For the Catholic Church, the New Year is celebrated under the aegis of Mary, Mother of God. Christ, is after all the Alpha and the Omega, the One who rides the waves of history and leads all to the harbor of our true homeland. Coming as it does within the season of the Birth of the Lord, we cannot but have in our minds the image of Mary in whose lap the King of Kings sits. She is also in this sense “Throne of David” and “Seat of Wisdom”. That is how the Magi from the East found her with her new-born. But most of all, she is “Mother”.
At the beginning of the New Year, therefore, we turn our gaze to Mary, “Stella maris”, “Star of the Sea”, the one who guides the bark of salvation in its journey through the sea of history. She, the Mother of Our Lord, gives us only one command: “Do whatever He (the Christ) tells you”, echoing the Voice from the Cloud, “This is my Beloved Son, heed Him”.

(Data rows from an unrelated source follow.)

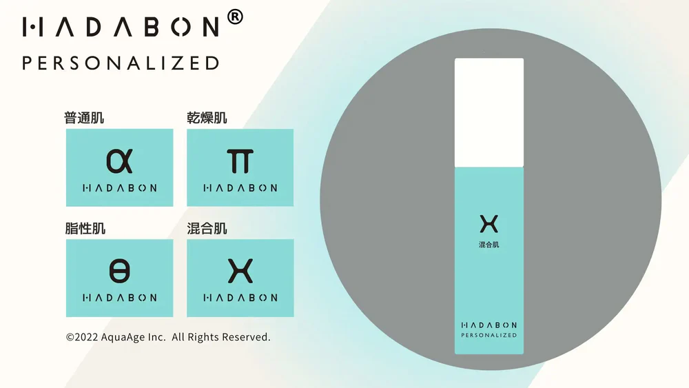さらに、AquaAge株式会社は肌タイプ別にパーソナライズされたスキンケア用品「HADABON PERSONALIZED」絶賛発売中です。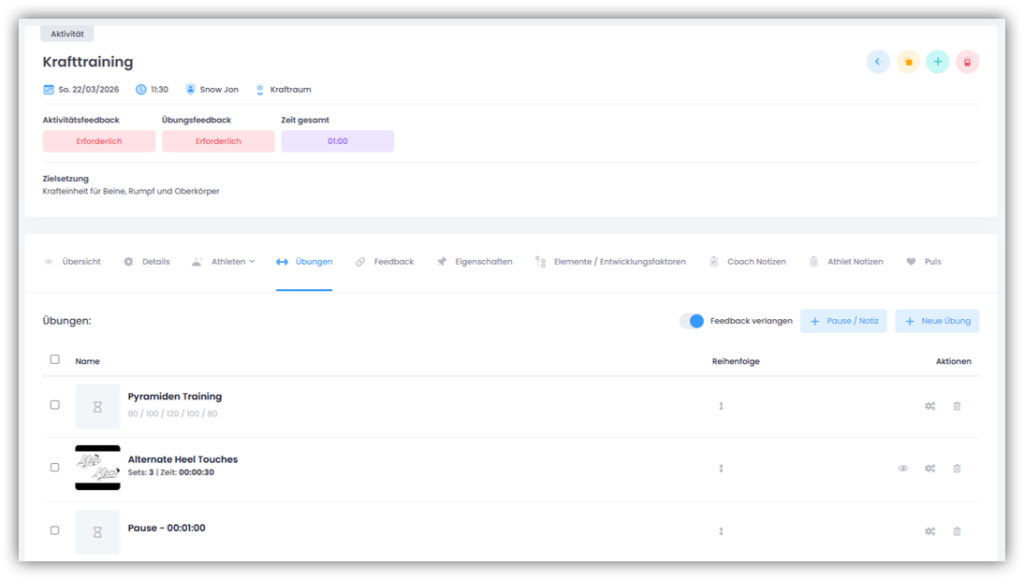 - Im Reiter «Übungen» kannst Du einer Aktivität Übungen hinzufügen (mehr dazu weiter unten).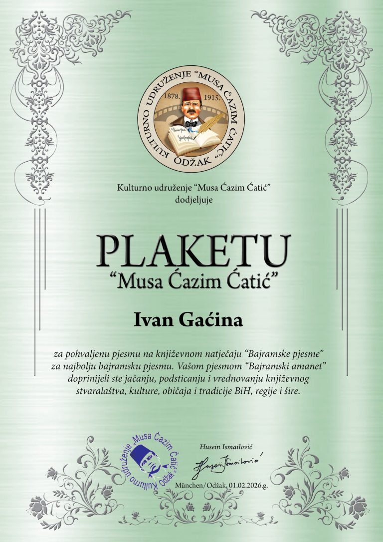 Ivanu Gaćini treća nagrada i pohvala na XI. međunarodnom konkursu „Musa Ćazim Ćatić”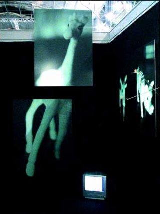 L. V. L. L’installation vidéo, appelée Vidéothèque, est composée de douze cassettes-sculptures. Le principe est que l’image projetée à l’écran correspond à un film de l’objet-cassette visionné, dans lequel sont intégrés des animaux et objets divers. C’est un groupe de onze moniteurs de petites tailles (12/15 pouces) disposés dans le même espace commun, comme dans un zoo. Les moniteurs sont suffisamment petits pour que l’on doive s’approcher de très près pour voir clairement l’image projetée. Ils sont disposés de façon à ce que l’on ne puisse pas regarder plusieurs moniteurs en même temps, obligeant ainsi le spectateur à parcourir individuellement les « cages ». La perception totale du groupe nous laisse deviner qu’il y a des choses en mouvement, sans pouvoir arriver plus loin. Par contre, on entend le bruit de chacune de ces cages. Les sons et les rythmes différents, qui se mélangent, forment un son général commun, qui s’individualise aussi lorsque l’on s’approche.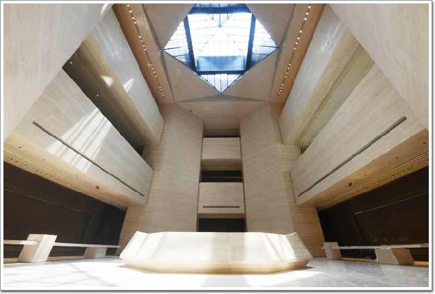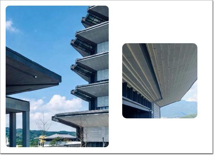 主樓以黑色石材做屋面,灰色石材(芝麻灰)做立面,保留了嶺南本土建筑特點。為呼應(yīng)屋面和立面設(shè)計,吊頂采用一明一暗的鋁板(詞條“鋁板”由行業(yè)大百科提供)造型進行有效填充。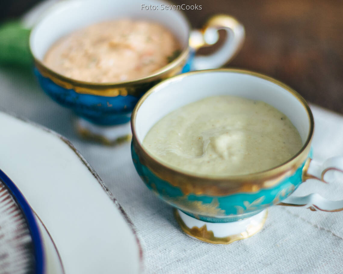 Nicht-Veganer können auch einen Zitronen-Sauerrahm-Dip dazu reichen.
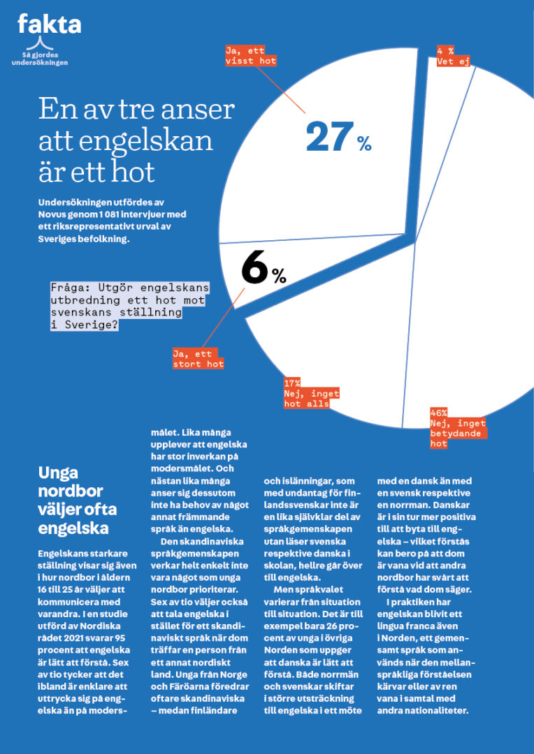 Ända sedan andra världskrigets slut har engelskan målats upp som ett hot mot svenskan. Men sex av tio anser inte att engelskan hotar svenskans ställning. Det visar en undersökning utförd av Novus på uppdrag av Språktidningen.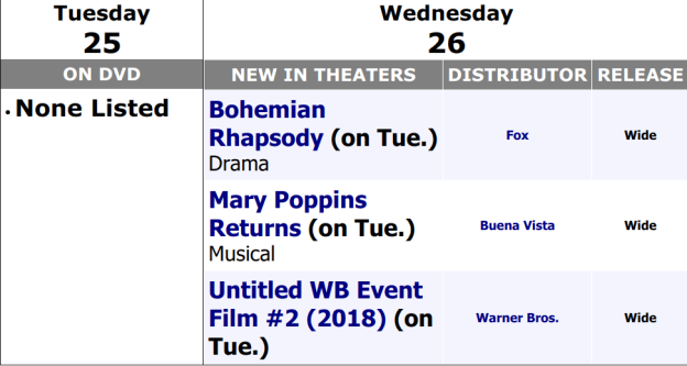 My expectation is if they do push it to December they’ll be doing so under the assumption that some of the competition will simply move out of the way. WB is particularly vulnerable with its DC movies. Maybe Aquaman hightails it and runs. Sony’s animated Spider-Man is a gamble. Bohemian Rhapsody is a troubled production that will likely function as a quasi-jukebox musical (I know it’s a biopic, not a true musical) going up against Disney’s industry-shaking might with Mary Poppins. It stays there simply to get Rami Malek awards consideration, maybe turns into a Platform release delaying its wide release until mid-January ala The Post and Phantom Thread this year.

The community of disciples received her in the person of John as “mother” while she stood beneath the cross. The Church, in her liturgy, recognizes Mary in the Woman whom the Dragon tries to destroy but could not (Rev. 12). The proto-evangelion (Gen. 3:15) is played out in this apocalyptic scene where the Woman gives birth to the Seed who will crush the Ancient Serpent’s head. This Seed is not alone, however, since it has raised other seeds, “other Christs”, that continue to wage war against the Enemy.
Amen, amen, I say to you,
unless a grain of wheat falls to the ground
it remains a lone grain of wheat;
but if it dies,
it produces much fruit. (Jn. 12:24)
Even as human history moves forward into that Future which is as yet hidden in God’s bosom, Mary is presented to us as the New Eve, the Mother of a New Humanity, that humanity which has been re-expressed — to use a phrase from John Paul II — in Christ. The “newness” is owed to the death and Resurrection of Christ in whom humanity has been re-created. Just as God breathed into man and made him a “living soul”, so too, Jesus on that first evening of the Resurrection breathed upon his disciples the Holy Spirit, making them new men, the core members of a new family that is
born not by natural generation
nor by human choice
nor by a man’s decision
but of God. (Jn. 1:13)
The New Year is “new” precisely because of the One who makes all things new (Rev. 21:5). And the Woman who who “hastened” the moment of this newness stands at the threshold of this new year as “Mother of All Humanity.” Wasn’t it that Adam called Eve “mother of all the living” at the moment when paradise was lost? And wasn’t it that Jesus on the cross, called Mary “Woman” and “Mother” just when paradise was regained? Mary beckons to us once more at the beginning of 2011. “Do whatever He tells you” she says, pointing to Him who is King of Kings. May her children heed her command.